ASSIGNED TASK >>
Look through the material beneath and copy each line with the word "ナガヨシ".

.....

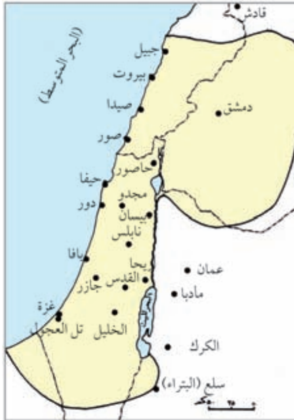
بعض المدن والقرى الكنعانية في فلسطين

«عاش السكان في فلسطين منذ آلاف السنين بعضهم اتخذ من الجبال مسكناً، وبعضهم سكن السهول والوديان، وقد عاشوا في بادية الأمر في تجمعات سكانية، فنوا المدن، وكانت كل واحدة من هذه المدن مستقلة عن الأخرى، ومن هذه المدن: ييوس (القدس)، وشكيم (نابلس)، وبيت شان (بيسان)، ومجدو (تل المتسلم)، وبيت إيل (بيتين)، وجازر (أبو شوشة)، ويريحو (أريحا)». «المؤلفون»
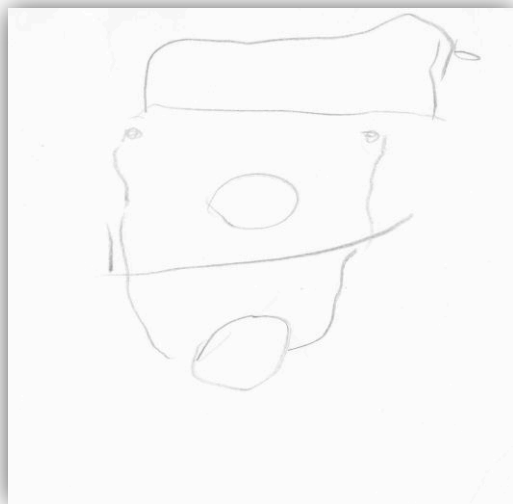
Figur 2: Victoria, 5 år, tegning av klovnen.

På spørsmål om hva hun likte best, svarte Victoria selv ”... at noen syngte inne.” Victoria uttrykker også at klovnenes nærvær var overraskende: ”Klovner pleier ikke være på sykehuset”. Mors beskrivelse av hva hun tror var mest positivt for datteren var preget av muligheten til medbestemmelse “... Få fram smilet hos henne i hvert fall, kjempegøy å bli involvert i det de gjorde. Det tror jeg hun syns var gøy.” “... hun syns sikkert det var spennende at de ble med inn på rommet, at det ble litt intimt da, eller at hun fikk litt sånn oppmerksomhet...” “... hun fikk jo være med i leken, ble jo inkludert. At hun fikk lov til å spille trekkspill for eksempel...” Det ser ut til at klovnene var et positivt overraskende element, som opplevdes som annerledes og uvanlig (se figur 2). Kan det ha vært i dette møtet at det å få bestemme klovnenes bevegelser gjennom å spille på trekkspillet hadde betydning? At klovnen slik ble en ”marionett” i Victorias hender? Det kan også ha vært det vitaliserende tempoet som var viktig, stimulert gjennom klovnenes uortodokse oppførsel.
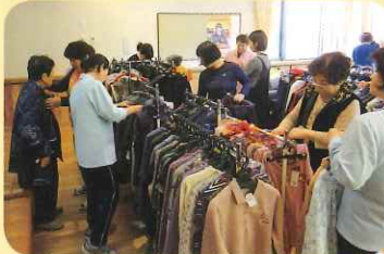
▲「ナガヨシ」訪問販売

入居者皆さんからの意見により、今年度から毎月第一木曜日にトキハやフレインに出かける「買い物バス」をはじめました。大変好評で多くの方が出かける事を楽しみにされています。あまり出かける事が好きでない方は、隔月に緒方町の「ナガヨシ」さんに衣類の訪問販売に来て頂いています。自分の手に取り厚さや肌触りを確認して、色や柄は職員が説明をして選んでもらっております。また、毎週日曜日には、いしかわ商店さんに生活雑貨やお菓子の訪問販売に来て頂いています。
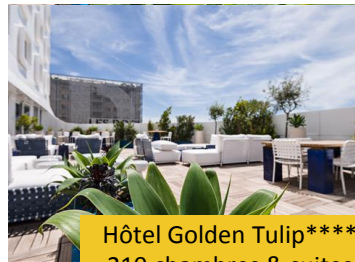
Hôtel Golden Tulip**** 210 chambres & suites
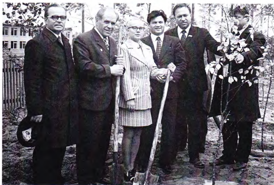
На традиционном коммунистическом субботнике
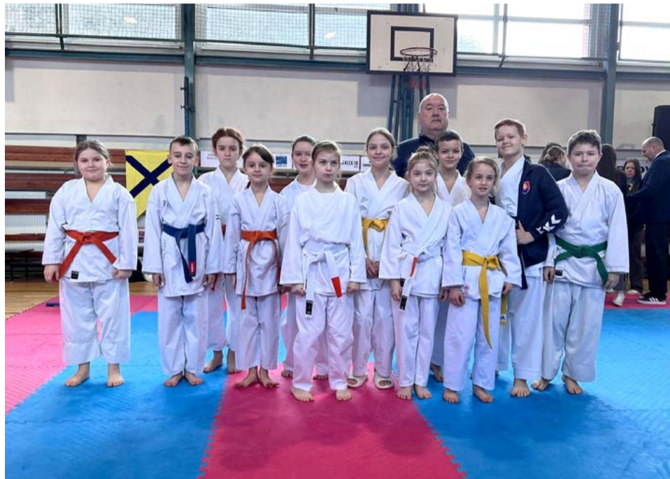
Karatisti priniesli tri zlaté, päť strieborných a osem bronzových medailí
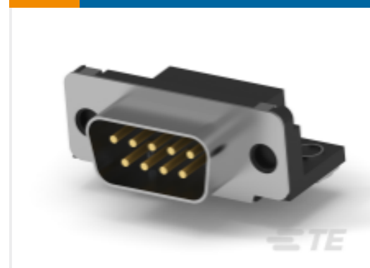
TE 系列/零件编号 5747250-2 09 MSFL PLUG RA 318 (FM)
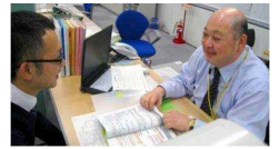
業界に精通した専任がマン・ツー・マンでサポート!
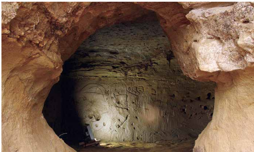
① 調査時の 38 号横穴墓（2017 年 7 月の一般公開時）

.....

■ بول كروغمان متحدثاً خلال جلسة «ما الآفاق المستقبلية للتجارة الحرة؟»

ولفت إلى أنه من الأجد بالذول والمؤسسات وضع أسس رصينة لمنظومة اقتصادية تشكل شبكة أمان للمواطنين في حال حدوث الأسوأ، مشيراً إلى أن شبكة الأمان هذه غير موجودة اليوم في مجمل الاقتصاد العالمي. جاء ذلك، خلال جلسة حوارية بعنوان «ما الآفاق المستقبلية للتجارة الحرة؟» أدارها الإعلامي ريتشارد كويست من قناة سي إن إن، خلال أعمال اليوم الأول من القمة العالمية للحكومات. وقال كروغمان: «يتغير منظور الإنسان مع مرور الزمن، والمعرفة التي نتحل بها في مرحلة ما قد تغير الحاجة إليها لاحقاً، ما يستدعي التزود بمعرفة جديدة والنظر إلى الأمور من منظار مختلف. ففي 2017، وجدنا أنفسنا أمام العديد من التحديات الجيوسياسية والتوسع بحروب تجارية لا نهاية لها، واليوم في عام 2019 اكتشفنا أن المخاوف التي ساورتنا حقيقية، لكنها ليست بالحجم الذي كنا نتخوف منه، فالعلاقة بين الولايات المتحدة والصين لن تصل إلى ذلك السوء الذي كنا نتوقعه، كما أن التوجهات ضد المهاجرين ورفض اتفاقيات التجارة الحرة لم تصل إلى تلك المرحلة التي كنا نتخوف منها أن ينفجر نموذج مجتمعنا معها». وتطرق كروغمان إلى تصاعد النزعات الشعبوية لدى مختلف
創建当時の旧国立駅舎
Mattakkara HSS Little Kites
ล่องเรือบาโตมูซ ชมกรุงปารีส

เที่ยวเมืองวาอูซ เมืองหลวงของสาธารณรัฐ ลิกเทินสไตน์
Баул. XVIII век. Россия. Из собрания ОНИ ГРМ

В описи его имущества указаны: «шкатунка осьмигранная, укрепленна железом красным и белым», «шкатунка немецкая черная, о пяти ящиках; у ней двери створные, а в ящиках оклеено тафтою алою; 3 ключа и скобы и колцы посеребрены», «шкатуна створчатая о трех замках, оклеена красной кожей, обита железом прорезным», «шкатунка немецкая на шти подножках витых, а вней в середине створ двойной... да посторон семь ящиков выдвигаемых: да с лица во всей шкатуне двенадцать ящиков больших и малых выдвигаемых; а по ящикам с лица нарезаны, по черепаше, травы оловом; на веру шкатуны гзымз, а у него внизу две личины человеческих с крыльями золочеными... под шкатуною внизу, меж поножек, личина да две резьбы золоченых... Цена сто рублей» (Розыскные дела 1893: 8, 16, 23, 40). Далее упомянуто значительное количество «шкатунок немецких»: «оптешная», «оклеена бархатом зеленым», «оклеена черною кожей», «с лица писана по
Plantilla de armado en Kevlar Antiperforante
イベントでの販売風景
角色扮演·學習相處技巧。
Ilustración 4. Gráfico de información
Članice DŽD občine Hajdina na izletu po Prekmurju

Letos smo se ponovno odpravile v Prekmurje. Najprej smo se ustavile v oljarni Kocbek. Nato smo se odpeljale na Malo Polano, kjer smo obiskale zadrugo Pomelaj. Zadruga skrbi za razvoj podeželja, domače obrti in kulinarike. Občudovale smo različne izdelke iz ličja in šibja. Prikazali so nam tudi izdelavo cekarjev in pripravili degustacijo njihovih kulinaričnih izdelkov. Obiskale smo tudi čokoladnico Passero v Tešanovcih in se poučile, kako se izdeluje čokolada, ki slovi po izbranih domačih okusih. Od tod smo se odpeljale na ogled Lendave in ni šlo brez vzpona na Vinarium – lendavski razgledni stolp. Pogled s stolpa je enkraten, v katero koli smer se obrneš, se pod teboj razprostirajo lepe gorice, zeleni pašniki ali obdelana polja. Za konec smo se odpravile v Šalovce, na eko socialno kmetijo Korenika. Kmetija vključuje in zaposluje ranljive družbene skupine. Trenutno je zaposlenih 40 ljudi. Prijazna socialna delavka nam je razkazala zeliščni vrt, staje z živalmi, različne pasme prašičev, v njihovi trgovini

.....

ANSWER TO THIS TASK >>
▲「ナガヨシ」訪問販売
入居者皆さんからの意見により、今年度から毎月第一木曜日にトキハやフレインに出かける「買い物バス」をはじめました。大変好評で多くの方が出かける事を楽しみにされています。あまり出かける事が好きでない方は、隔月に緒方町の「ナガヨシ」さんに衣類の訪問販売に来て頂いています。自分の手に取り厚さや肌触りを確認して、色や柄は職員が説明をして選んでもらっております。また、毎週日曜日には、いしかわ商店さんに生活雑貨やお菓子の訪問販売に来て頂いています。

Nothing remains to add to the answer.